Tajik President Emomali Rakhmon recently alluded to the growing concern in a national address, referencing “hundreds of repatriated coffins” from Russia — men who, he said, had “left to earn bread for their families.” Without directly naming Russia or the Ukraine war, his message was clear: Tajikistan is paying a human price for its economic dependence on Russia.

The situation worsened following the March 2024 terrorist attack at the Crocus City Hall near Moscow — Russia’s deadliest such incident in 20 years — in which over 140 people were killed. Russian authorities arrested four Tajik nationals as suspects, and while their involvement remains under investigation, the event triggered an eruption of anti-migrant sentiment across the country.

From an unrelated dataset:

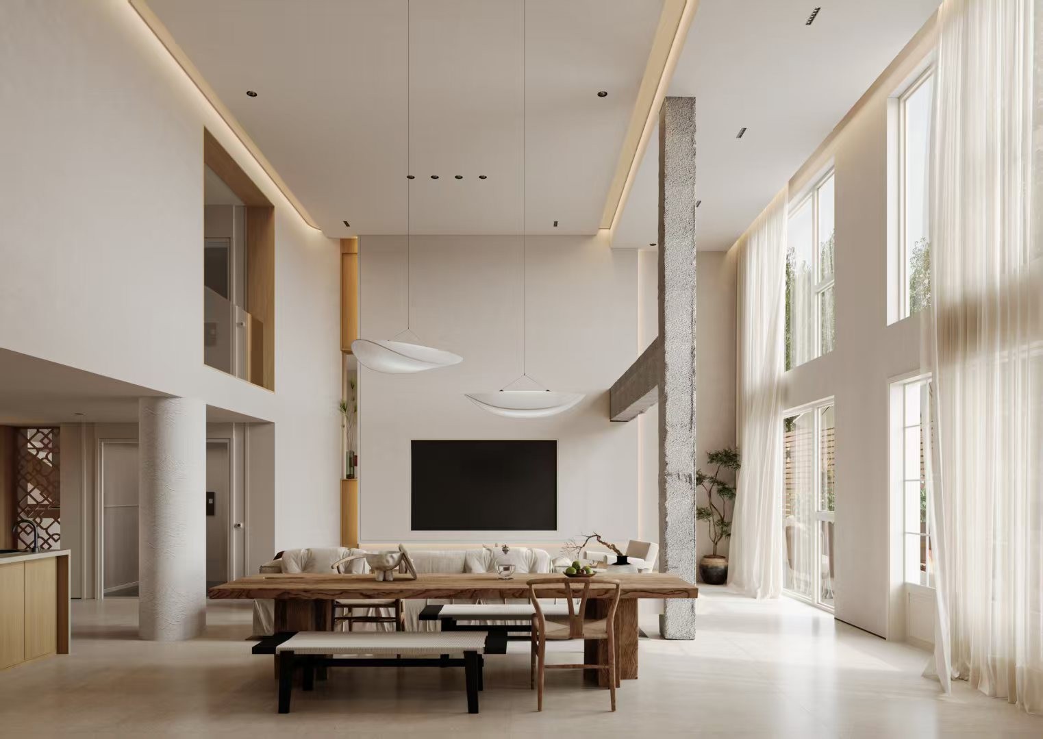 这是侘寂风挑空客厅,空间通透明亮。浅米色墙面搭配质朴水泥柱,营造自然氛围。悬浮式长餐桌兼具用餐与社交功能,上方双曲面吊灯简约别致。巨幅电视墙与低矮沙发呼应,大窗配轻柔纱帘,引入充足光线,将户外绿意融入室内,整体开阔舒适,尽显极简美学与空间张力 。

Sweeping security raids, mass detentions, and a spike in street-level harassment followed. The Russian government responded by tightening immigration rules and expanding powers to expel foreign workers. Thousands were detained for minor infractions — expired registration documents, failure to update addresses, or traffic violations. Critics say these laws are being selectively enforced against Central Asians.

Kadyrbek Tashimbekov, a 29-year-old from Kyrgyzstan, is among the nearly 300,000 Kyrgyz migrants who have left Russia since 2023 — either expelled or by personal choice. “I was expelled after working there for eight years,” he said. Now, back in Batken, Tashimbekov has found work operating a crane on the new school site.

Back in Kyrgyzstan, President Sadyr Japarov has pledged to reverse the tide of emigration. His administration has launched incentives to encourage skilled workers to return — offering subsidized loans, tax breaks for returning entrepreneurs, and rural development grants. Public messaging now encourages patriotic investment in local communities.

“We are building this with the hope that if we have such centres, we will train them in the right professions, guide them,” said Akhmatov. “And maybe there will be less emigration.”

It is a delicate balance: Central Asian economies depend deeply on the money migrants send home — yet their overreliance on a single, unstable partner (Russia) leaves them vulnerable to geopolitical shocks and domestic crises.

To break that cycle, experts say governments must shift from survival-mode remittance dependency to sustainable domestic development. That means building local job markets, strengthening educational institutions, and investing in small business ecosystems.

There are signs of hope. In 2024, Kyrgyzstan recorded its highest rate of small business registration since independence, with returning migrants starting food services, IT businesses, and construction firms. In Uzbekistan, remittance-financed start-ups in renewable energy and textile manufacturing are beginning to scale.

Moreover, the relative decline of the Kyrgyz and Tajik somoni against the Russian ruble has paradoxically increased the real value of remittances, giving returnees greater purchasing power at home. In Mehrobod, Majidov says the money now stretches further than ever before.

With Russia’s role as a migration hub facing increasing scrutiny, some Central Asian governments are exploring alternative labor destinations. Kazakhstan, Turkey, South Korea, and even Gulf nations like Qatar have been floated as potential partners for temporary labor programs. Yet these relationships are still in their infancy and unlikely to replace the volume and convenience of the Russian pipeline.

Regional cooperation may hold part of the solution. The Eurasian Economic Union (EAEU), of which Kyrgyzstan and Kazakhstan are members, offers some freedom of labor movement. There is growing interest in expanding such arrangements to minimize dependency on Russia and create a more resilient migration strategy.

But the true change, say locals like Abdinabiyev and Tashimbekov, must begin at home — with each returning worker investing not just in their village’s buildings, but in its future.

As the walls of Batken’s new school rise higher, the air rings with the noise of construction — saws, drills, shouted instructions. It is the sound of a society being rebuilt — not by politicians or foreign donors, but by the very people who once had to leave it behind.

“We went abroad to survive,” said Tashimbekov, pausing his crane. “Now we are home, and we want to build something better.”